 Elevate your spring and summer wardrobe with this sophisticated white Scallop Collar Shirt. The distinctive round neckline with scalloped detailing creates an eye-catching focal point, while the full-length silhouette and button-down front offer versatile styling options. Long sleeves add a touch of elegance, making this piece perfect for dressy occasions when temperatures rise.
--
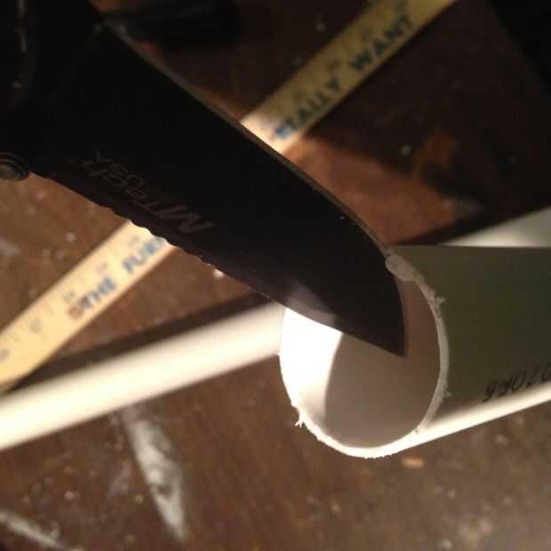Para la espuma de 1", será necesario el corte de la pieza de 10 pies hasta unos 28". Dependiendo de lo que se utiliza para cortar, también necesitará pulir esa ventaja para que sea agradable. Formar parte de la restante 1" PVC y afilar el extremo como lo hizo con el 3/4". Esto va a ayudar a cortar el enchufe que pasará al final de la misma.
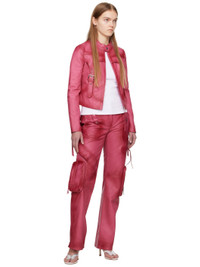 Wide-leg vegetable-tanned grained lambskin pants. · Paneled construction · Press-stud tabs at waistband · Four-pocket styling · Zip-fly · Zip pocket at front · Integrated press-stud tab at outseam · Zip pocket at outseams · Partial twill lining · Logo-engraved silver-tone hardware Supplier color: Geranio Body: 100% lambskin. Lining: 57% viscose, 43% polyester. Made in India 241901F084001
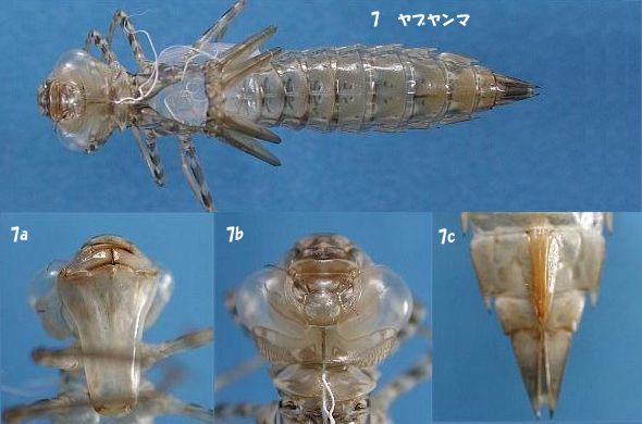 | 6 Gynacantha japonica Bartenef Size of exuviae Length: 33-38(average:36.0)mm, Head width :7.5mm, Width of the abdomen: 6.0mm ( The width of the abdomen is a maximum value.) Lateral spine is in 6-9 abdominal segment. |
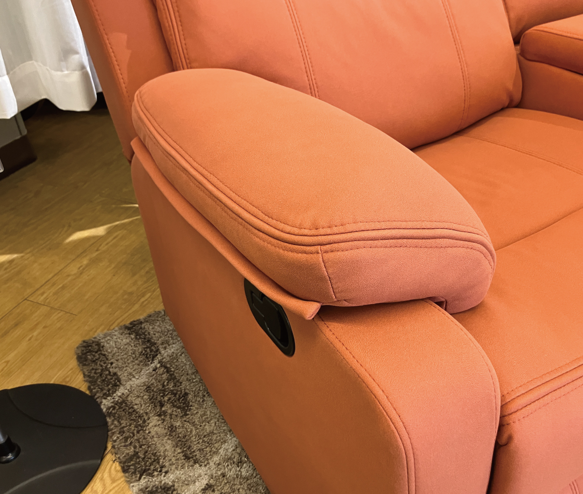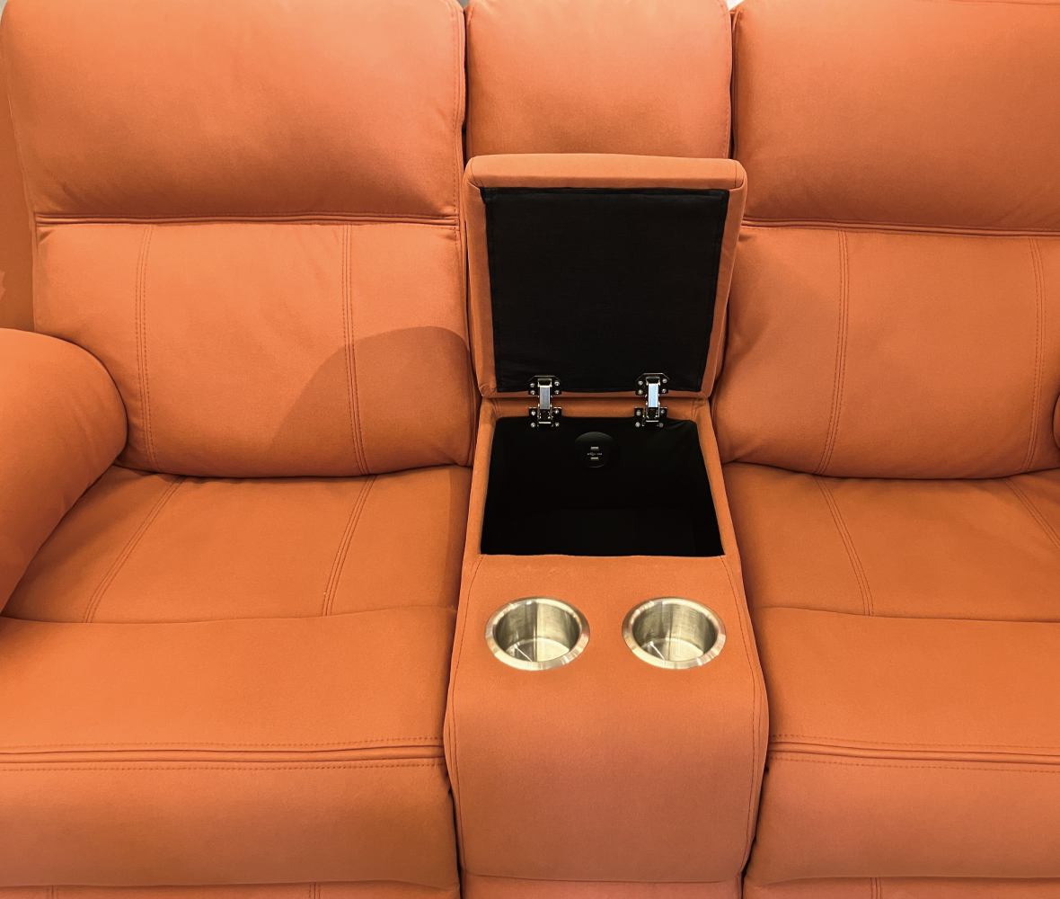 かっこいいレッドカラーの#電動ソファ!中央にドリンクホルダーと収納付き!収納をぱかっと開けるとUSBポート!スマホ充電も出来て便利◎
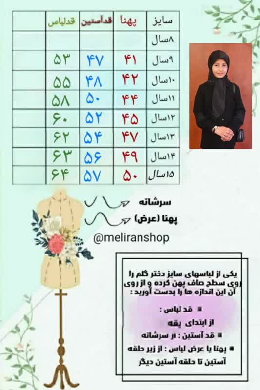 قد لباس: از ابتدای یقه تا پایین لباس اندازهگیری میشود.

**Problem description**
Going by the entries above, repeat exactly the lines that start at the line with "かっこいいレッドカラーの#電" and go on through the line with "قد لباس: از". Pictures are not part of the copy.

**Response for this exercise**
 かっこいいレッドカラーの#電動ソファ!中央にドリンクホルダーと収納付き!収納をぱかっと開けるとUSBポート!スマホ充電も出来て便利◎
 قد لباس: از ابتدای یقه تا پایین لباس اندازهگیری میشود.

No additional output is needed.